ADVERTISEMENT

CLO Machine Is Approaching Full-Tilt, Eroding Credit Quality

CLO Machine Is Approaching Full-Tilt, and Credit Quality Suffers

(Bloomberg) -- Wall Street’s hottest debt market is approaching hyperdrive.

Investors haven’t been able to get enough of the repackaged corporate loans known as collateralized loan obligations. That intense demand, is allowing the managers that put these securities together to sell off pieces of CLOs that by law they previously had to hang on to. These sales are the crest of what could be a $7 billion wave of such deals.

The frenzied buying isn’t limited to older securities -- Wells Fargo & Co. is forecasting that there will be a record $150 billion of new U.S. CLOs issued this year. Moody’s Investors Service, the biggest bond grader for CLOs, can’t keep up with the demand for its services, and is taking around a month more to rate the securities than it needed before.

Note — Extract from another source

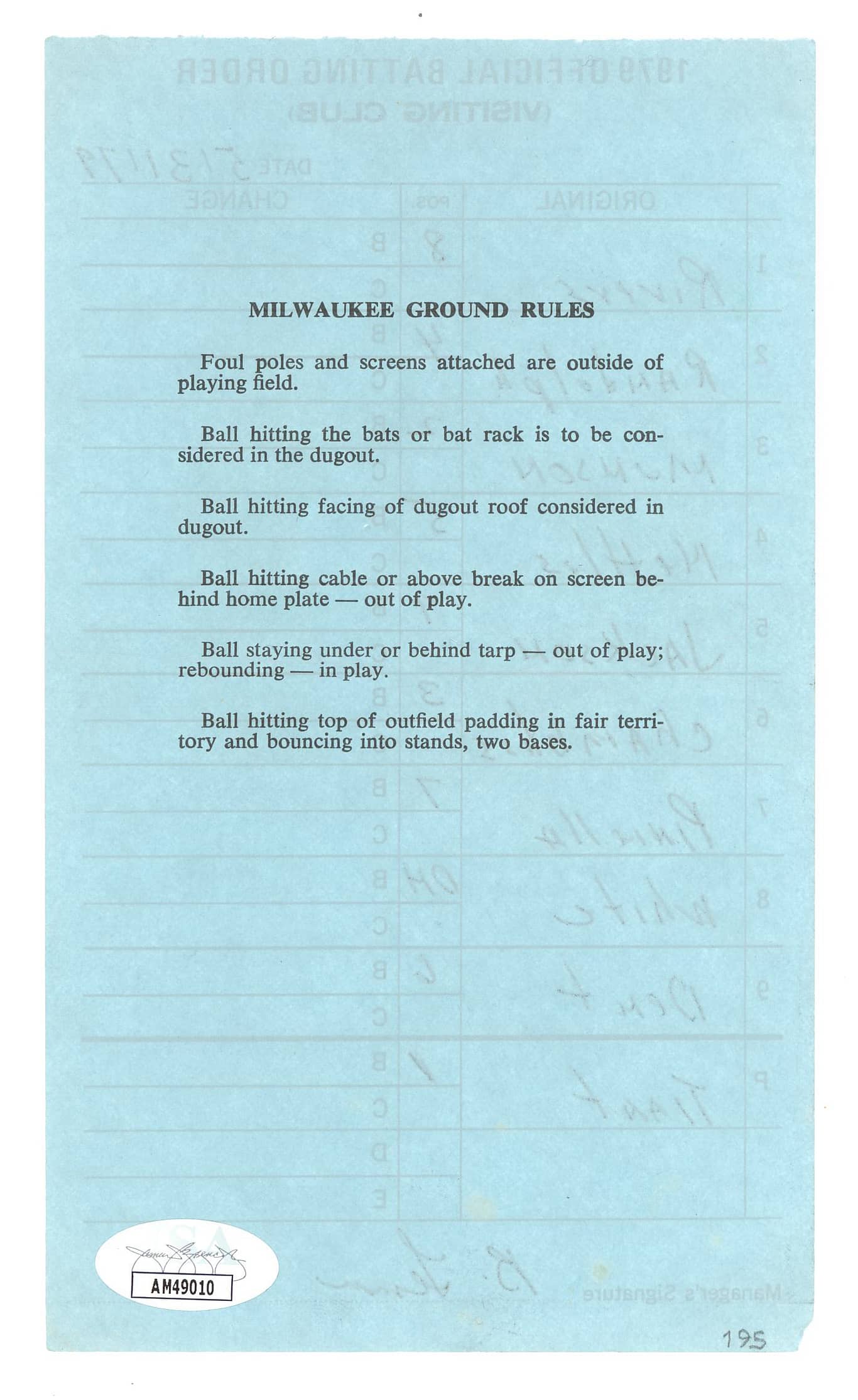 The 1979 New York Yankees season was the 77th season for the franchise. The season was marked by the death of their starting catcher, Thurman Munson, on August 2. The team finished with a record of 89-71, finishing fourth in the American League East, 13.5 games behind the Baltimore Orioles, ending the Yankees' three-year domination of the AL East. New York was managed by Billy Martin, and Bob Lemon. The Yankees played at Yankee Stadium.As the Munson Era came to a tragic end within this season, a new era was about to unfold. 1979 marked the first time ever for the Yankees to broadcast their games on cable within New York City and surrounding areas, becoming the first ever MLB team to do so. Starting Opening Day that year, all Yankees games save for the nationally aired games were broadcast on the then 3-year old cable channel SportsChannel NY (aside from the usual WPIX telecast for free to air television viewers in the New York area and nationwide via satellite and cable).Offered is a 5-by-8-inch 1979 Official Batting Order New York Yankees lineup card from the May 31st, 1979, game between the New York Yankees and the Milwaukee Brewers held at County Stadium in Milwaukee.The highlight of the game for the Yankees was REGGIE JACKSON'S 350TH CAREER HOME RUN! Captain Thurman Munson, who recorded one hit, fell to the Brewers in a close 5-4 game.The lineup card is signed by manager Bob Lemon on the bottom in black ink. The lineup card comes with a COA from JSA (AM49010) for the signature.

That strong demand is allowing managers to sell CLOs with weaker protections, and it’s making the leveraged loans that get bundled into the securities riskier too. Investors are buying CLOs because they are floating rate: they offer protection against rising interest rates and against losses if loans default. The securities performed relatively well during last decade’s financial crisis. But risks are building for CLOs now, investors said.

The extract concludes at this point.